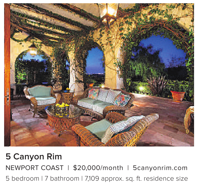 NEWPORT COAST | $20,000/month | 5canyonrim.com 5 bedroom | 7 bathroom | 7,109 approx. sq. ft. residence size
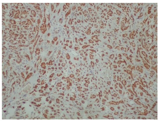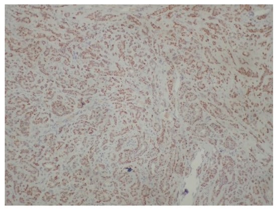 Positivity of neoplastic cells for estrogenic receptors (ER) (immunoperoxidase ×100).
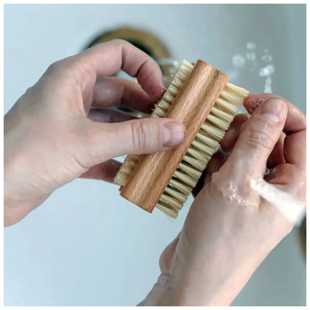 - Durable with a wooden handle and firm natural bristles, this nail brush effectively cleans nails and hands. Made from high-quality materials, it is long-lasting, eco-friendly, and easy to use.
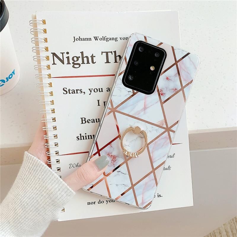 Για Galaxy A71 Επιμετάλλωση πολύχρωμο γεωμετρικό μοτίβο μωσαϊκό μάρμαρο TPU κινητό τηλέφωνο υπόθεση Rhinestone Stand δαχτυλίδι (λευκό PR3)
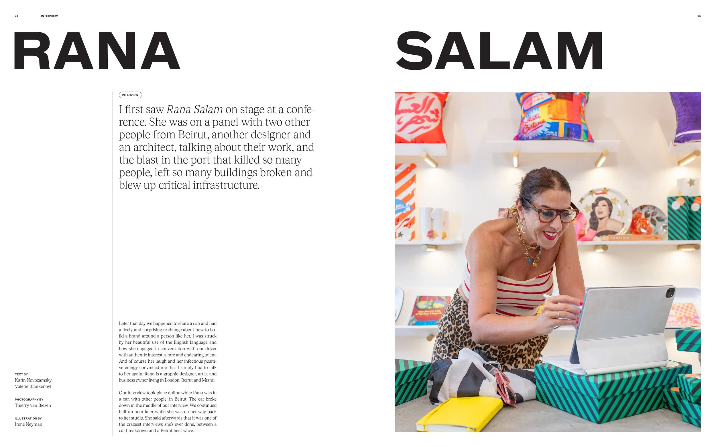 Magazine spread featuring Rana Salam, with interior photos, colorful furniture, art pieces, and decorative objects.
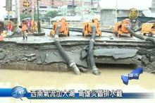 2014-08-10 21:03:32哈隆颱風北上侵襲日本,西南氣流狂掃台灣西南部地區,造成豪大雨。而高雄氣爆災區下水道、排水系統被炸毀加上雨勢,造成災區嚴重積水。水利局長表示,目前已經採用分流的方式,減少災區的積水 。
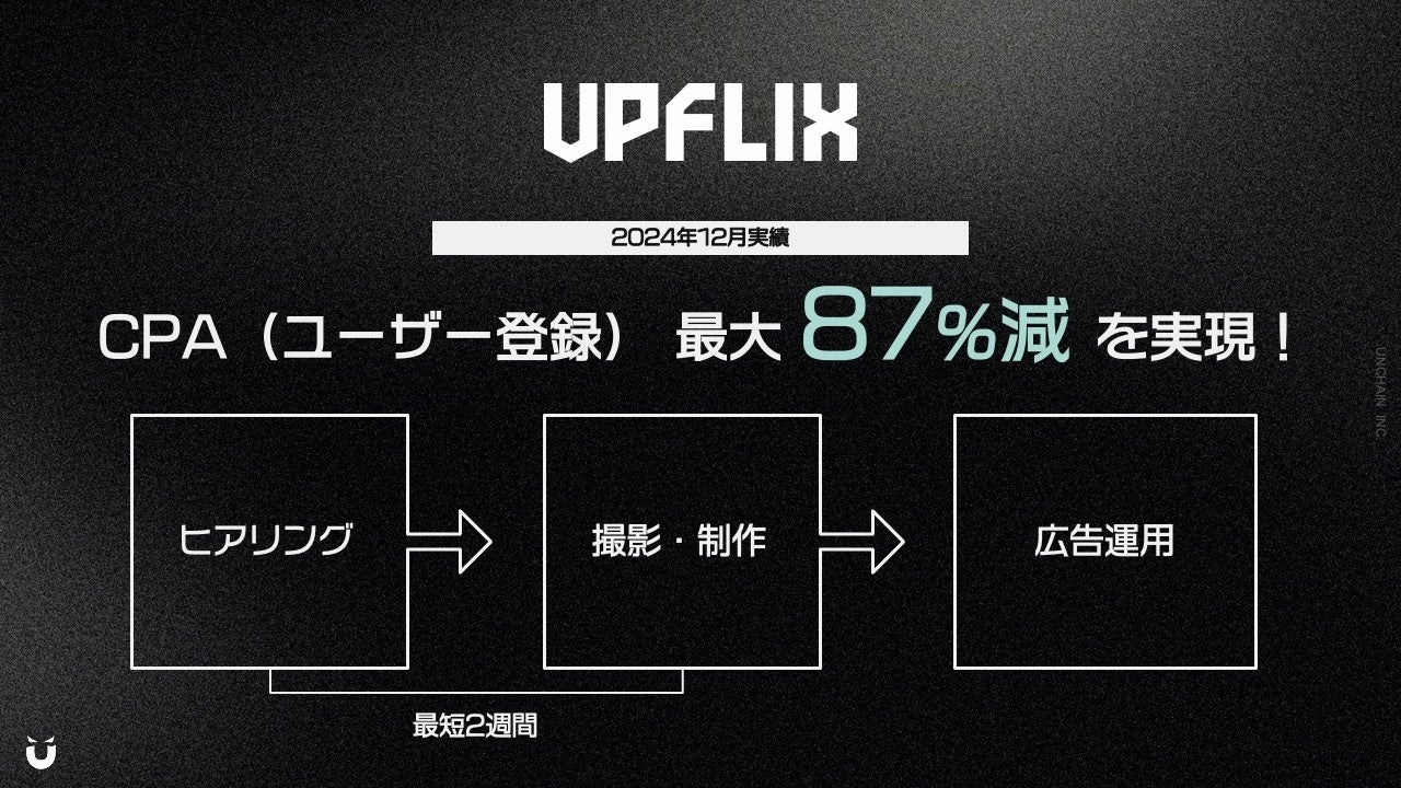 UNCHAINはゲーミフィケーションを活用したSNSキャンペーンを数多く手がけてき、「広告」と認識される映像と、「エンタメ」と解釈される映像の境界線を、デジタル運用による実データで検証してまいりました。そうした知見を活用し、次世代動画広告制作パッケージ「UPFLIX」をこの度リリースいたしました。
▬▬▬▬▬▬▬▬▬▬
DESCRIPTION OF THE TASK — The output is the lines from the start of the data above through the line containing "Positivity of neoplastic", unchanged, with any picture left out.

YOUR SOLUTION —
 NEWPORT COAST | $20,000/month | 5canyonrim.com 5 bedroom | 7 bathroom | 7,109 approx. sq. ft. residence size
 Positivity of neoplastic cells for estrogenic receptors (ER) (immunoperoxidase ×100).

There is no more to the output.